There’s a recurring provocation in national politics that Prime Minister Pohiva keeps bringing up. We question the integrity of his position.
Because why would Pohiva think he can threaten to abolish the nobles’ election, when it’s the noble MPs who’ve shown that the people of Tonga, the values of Tonga holding our Kingdom together, are their first concern?
The answer? Same as the media debacle – absolute power and political control drive Dear Leader. How wrong to subvert our democracy six years after its inception when we’ve hardly got started.
The final word goes to Radio New Zealand’s CEO, Paul Thompson, who came out fighting for the Tonga Broadcasting Commission to Radio Australia’s Bruce Hill.
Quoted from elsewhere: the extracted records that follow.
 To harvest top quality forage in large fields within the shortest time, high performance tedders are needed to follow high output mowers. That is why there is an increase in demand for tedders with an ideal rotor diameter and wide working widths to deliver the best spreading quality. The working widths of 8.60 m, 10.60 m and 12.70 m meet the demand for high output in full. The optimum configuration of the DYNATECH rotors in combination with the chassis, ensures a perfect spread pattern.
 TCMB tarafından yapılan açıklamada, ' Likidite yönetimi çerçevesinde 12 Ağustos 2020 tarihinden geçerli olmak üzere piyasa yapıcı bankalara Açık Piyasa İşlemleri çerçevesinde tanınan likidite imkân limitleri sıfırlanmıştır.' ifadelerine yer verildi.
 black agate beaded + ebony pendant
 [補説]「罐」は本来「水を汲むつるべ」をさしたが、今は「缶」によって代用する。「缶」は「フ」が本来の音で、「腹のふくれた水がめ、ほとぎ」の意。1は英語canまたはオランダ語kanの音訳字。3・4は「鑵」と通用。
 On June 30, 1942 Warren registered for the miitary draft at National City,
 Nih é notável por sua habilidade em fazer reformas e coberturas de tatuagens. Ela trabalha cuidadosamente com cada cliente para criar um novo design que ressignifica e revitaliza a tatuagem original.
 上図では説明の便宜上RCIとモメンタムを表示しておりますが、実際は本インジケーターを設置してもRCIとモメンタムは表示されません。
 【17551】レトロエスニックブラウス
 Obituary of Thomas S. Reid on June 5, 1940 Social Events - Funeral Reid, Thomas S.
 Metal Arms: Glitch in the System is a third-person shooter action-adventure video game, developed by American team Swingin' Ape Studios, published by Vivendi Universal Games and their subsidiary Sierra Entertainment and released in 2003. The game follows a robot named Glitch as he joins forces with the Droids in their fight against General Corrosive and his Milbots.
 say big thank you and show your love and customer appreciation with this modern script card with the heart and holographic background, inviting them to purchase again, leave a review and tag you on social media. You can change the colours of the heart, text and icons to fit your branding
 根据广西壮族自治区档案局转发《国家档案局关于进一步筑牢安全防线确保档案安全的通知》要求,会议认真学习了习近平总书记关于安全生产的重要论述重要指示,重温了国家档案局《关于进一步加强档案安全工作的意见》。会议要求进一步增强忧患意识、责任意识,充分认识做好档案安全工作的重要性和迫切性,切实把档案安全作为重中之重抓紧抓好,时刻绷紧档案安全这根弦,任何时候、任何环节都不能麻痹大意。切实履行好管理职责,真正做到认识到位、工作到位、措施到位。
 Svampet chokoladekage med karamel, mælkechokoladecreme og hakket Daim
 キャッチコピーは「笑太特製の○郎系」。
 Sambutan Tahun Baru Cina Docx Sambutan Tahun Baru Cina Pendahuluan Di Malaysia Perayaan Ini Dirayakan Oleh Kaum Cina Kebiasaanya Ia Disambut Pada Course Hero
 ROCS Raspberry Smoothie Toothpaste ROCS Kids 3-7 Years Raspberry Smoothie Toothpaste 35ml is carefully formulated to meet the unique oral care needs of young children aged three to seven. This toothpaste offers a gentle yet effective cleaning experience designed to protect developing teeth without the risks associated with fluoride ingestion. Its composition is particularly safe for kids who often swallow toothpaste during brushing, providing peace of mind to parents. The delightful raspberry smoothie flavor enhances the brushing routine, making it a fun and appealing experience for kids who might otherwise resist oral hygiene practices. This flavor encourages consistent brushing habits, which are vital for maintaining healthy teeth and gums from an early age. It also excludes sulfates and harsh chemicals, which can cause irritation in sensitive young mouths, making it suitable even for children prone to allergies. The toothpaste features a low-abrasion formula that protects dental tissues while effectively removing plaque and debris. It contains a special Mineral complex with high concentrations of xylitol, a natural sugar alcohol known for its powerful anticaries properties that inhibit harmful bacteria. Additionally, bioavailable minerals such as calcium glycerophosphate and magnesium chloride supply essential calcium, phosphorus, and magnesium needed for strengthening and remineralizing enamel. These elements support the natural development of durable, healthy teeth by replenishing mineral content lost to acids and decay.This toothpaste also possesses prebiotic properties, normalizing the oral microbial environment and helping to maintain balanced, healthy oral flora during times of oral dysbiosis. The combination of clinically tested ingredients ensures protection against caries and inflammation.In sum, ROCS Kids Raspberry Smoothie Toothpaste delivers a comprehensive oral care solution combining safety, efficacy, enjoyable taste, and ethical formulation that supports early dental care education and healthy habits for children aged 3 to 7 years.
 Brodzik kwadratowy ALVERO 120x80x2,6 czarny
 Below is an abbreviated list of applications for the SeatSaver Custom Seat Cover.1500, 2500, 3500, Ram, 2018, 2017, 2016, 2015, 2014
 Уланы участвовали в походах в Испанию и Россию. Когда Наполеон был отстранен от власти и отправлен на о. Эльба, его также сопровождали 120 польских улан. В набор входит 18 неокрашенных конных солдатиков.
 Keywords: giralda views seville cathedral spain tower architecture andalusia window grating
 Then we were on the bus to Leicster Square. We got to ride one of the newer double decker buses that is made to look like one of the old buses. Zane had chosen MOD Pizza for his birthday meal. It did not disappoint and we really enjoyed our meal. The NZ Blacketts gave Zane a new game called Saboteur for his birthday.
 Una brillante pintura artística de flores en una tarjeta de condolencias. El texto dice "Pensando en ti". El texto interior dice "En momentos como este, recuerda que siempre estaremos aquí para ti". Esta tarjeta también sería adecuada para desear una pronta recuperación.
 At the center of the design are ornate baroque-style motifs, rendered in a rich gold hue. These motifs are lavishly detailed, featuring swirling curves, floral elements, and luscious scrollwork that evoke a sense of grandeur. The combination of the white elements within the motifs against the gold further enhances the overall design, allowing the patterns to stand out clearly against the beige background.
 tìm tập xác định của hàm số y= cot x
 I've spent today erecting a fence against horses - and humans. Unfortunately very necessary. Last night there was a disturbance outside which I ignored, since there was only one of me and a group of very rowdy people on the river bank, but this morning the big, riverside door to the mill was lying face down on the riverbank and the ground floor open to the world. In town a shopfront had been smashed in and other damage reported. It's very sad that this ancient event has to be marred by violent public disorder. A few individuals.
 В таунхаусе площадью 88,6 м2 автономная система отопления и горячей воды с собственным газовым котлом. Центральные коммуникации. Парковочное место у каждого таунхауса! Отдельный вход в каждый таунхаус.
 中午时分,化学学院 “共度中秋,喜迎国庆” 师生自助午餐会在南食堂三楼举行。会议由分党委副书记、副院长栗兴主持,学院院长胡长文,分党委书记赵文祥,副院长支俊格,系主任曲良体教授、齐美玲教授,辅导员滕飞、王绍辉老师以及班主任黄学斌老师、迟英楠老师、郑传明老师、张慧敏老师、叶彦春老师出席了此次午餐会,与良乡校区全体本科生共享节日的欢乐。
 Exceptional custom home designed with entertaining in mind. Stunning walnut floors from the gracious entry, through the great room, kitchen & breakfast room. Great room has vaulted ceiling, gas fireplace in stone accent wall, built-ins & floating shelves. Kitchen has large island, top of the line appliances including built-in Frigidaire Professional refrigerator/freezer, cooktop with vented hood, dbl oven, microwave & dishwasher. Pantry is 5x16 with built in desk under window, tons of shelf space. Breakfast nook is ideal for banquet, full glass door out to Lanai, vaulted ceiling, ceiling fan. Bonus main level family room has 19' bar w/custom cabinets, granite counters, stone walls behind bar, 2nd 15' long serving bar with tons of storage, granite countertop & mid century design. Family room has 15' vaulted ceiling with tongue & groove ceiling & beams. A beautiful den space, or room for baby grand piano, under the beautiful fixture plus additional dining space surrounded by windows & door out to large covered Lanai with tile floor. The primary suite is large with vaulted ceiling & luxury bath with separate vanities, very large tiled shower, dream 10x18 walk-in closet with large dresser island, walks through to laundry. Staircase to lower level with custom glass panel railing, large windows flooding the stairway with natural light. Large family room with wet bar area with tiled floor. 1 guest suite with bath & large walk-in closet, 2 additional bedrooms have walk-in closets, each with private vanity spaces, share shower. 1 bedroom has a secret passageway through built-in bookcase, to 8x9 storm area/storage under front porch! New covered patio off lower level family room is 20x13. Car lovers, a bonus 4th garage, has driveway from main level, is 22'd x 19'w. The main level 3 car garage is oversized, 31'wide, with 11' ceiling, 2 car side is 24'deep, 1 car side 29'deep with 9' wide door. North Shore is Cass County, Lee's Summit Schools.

The President of the Public Media Alliance, Thompson was no small fish in the Pacific media ocean. His voice had weight and influence: “speak truth to power.”
Raising his organisation’s apprehensions with King Tupou VI, it was obvious that the Tongan Prime Minister was way out of line. The critical inquiry is: what would be done about him?
His [‘Akilisi Pohiva’s] criticisms cut to the core of what an independent media is. What he’s talking about is propaganda, spin doctoring and compromised reportage. What a good public service broadcaster needs to do is to be independent of that kind of influence and speak truth to power. These are lofty statements but they really matter at a time when citizens rely on a reliable service of information.